Source: https://hevlayer.com/docs/search-knowledge-graph
Version: 2
Generated: 2026-06-05T21:31:25.527Z
Content hash: 4260e62c2a0a88b601f4e8e3c0afc368168b80f47c95ecb6610662420ede6458

Context:
## Layer (hev layer)

Layer is a **gateway and function runtime for retrieval systems**: a Rust proxy (the *gateway*) that fronts **Turbopuffer**, plus a Kubernetes *operator*, both running in your own cluster.

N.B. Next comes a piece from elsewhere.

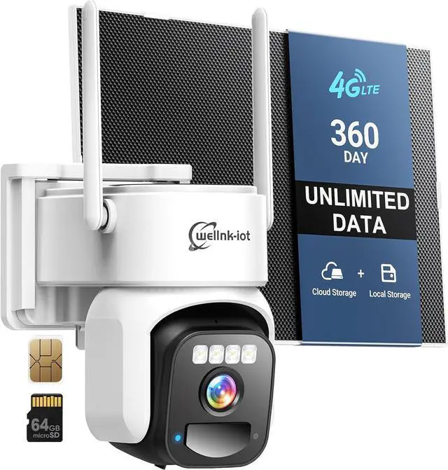 360-Day Mobile SIM Data, Free Cloud & 64GB Card IncludedThis 4g lte cellular security camera comes with a built-in prepaid SIM (360-day unlimited data, renewable via app), 64GB memory card (expandable to 256GB), and lifetime basic cloud storage (3-day playback, 100 uploads/day) to keep your footage safeeven if the camera is stolen.
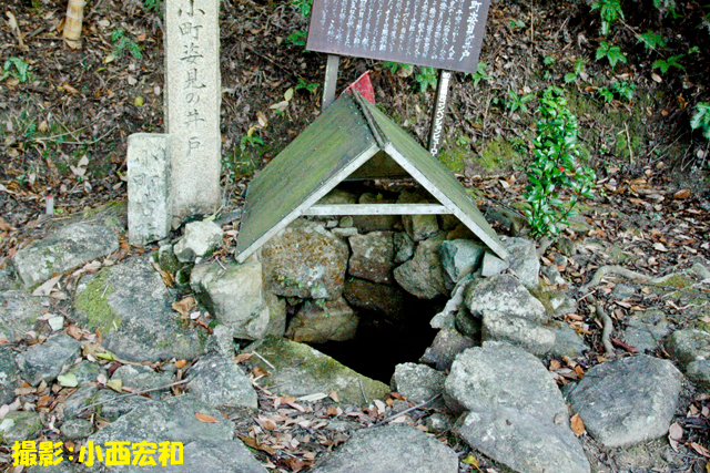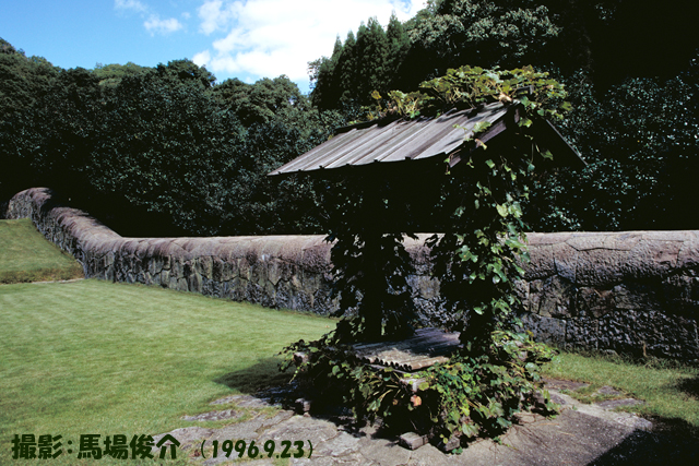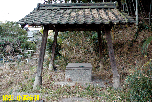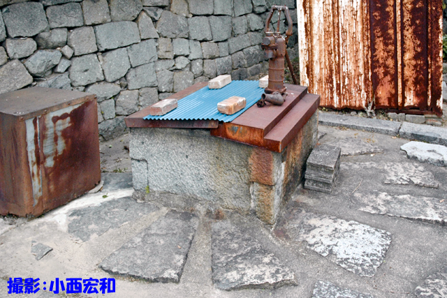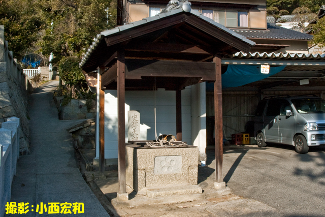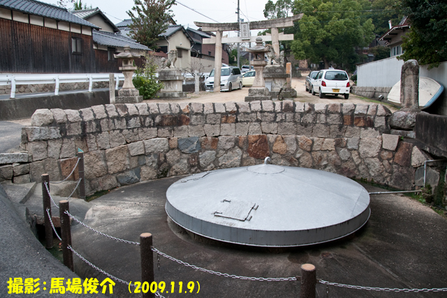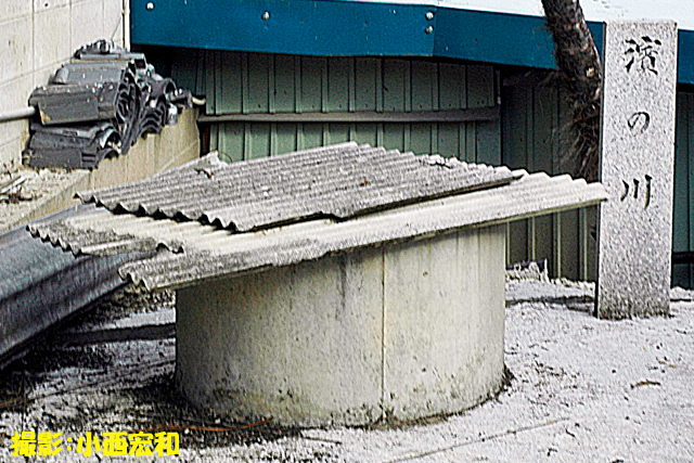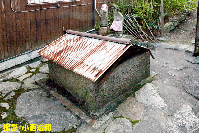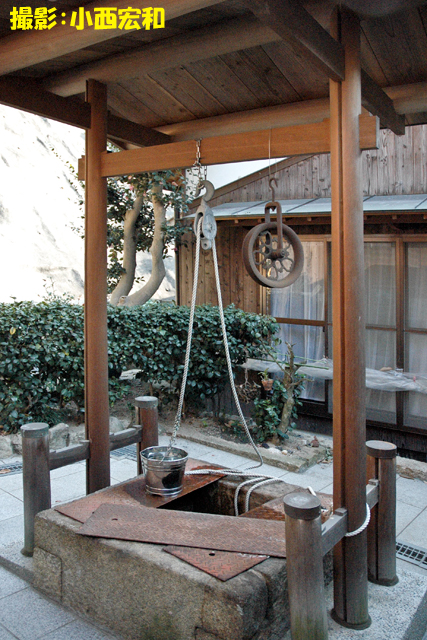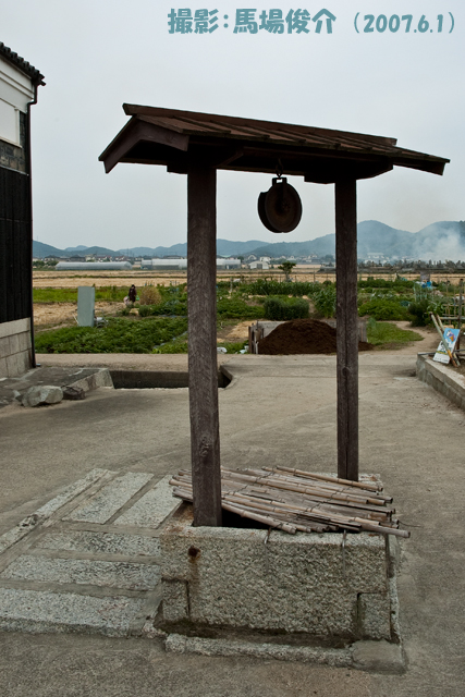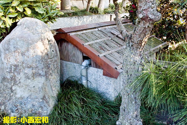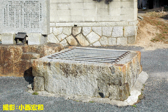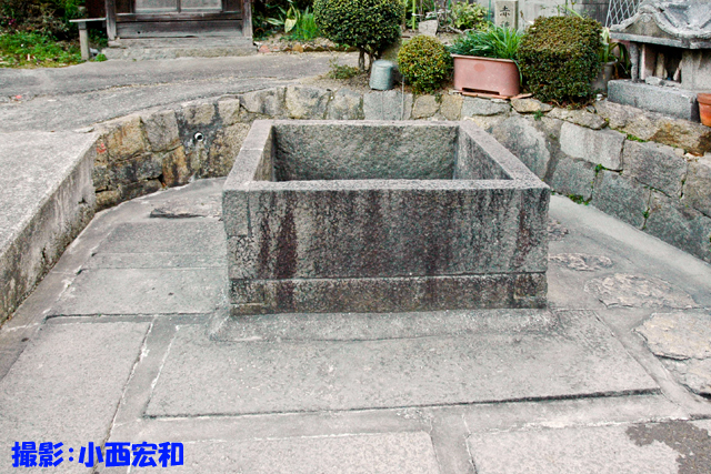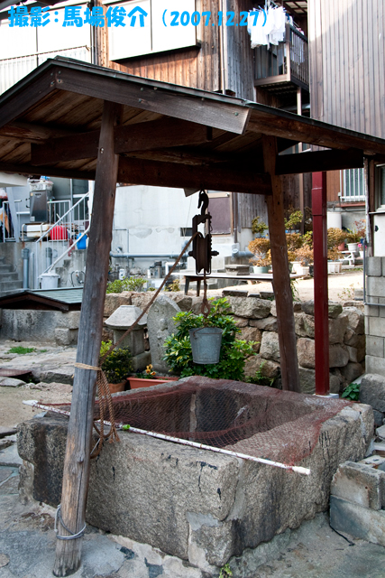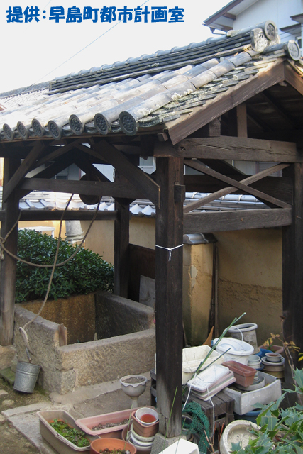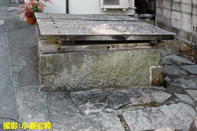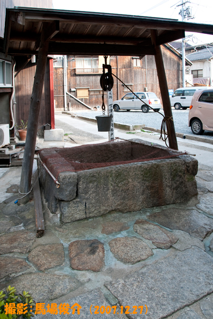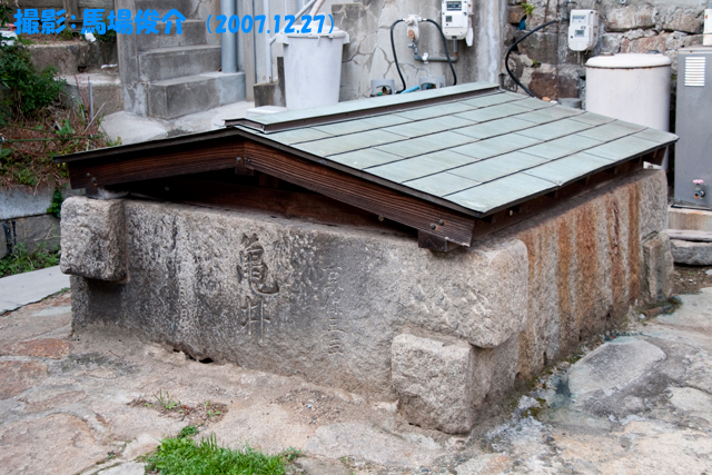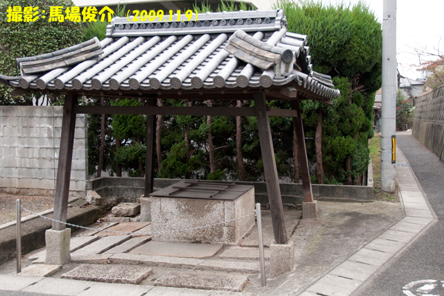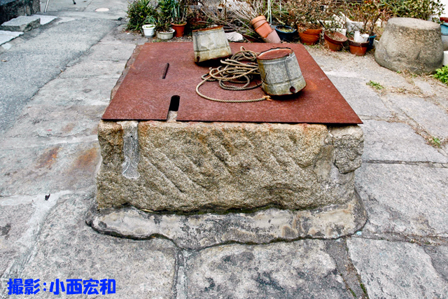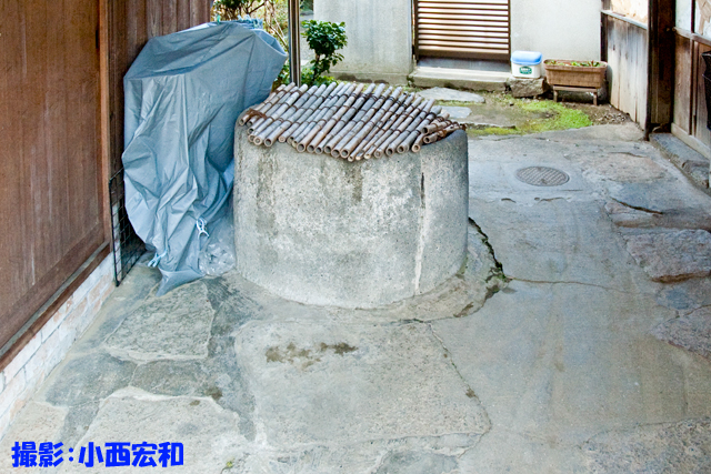 水を汲む側の面が14㎝低くなっている=珍しい構造(普通は4面とも同じ高さ)/井戸の屋根瓦に戸川の家紋 |

The gateway is wire-compatible with the Turbopuffer client API — existing clients keep working when pointed at it — and Layer documents only what it *adds* on top of upstream routes, exposing Layer-only features under `/v2/`.

### Core building blocks
- **Gateway** — transparent Turbopuffer proxy adding fetch, scans, result count, facet snapshots, a pull-through document cache, write-path stamping, query consistency, query/clickstream history, warm jobs, pipelines, and a UDF runtime.
- **Operator** — reconciles four CRDs (`Index`, `InfraRules`, `Pipeline`, `Function`). Decoupled from the gateway, which only ever *reads* CRD status.
- **Backing services** (all open source): **Aerospike** (NVMe document cache, ephemeral), **PostgreSQL** (pipeline/indexing-state queue only), **VictoriaMetrics** (metrics), **Karpenter** (node autoscaling), **KEDA** (pod autoscaling to zero). Durable state lives only in **S3** — Layer processes are stateless and elastic.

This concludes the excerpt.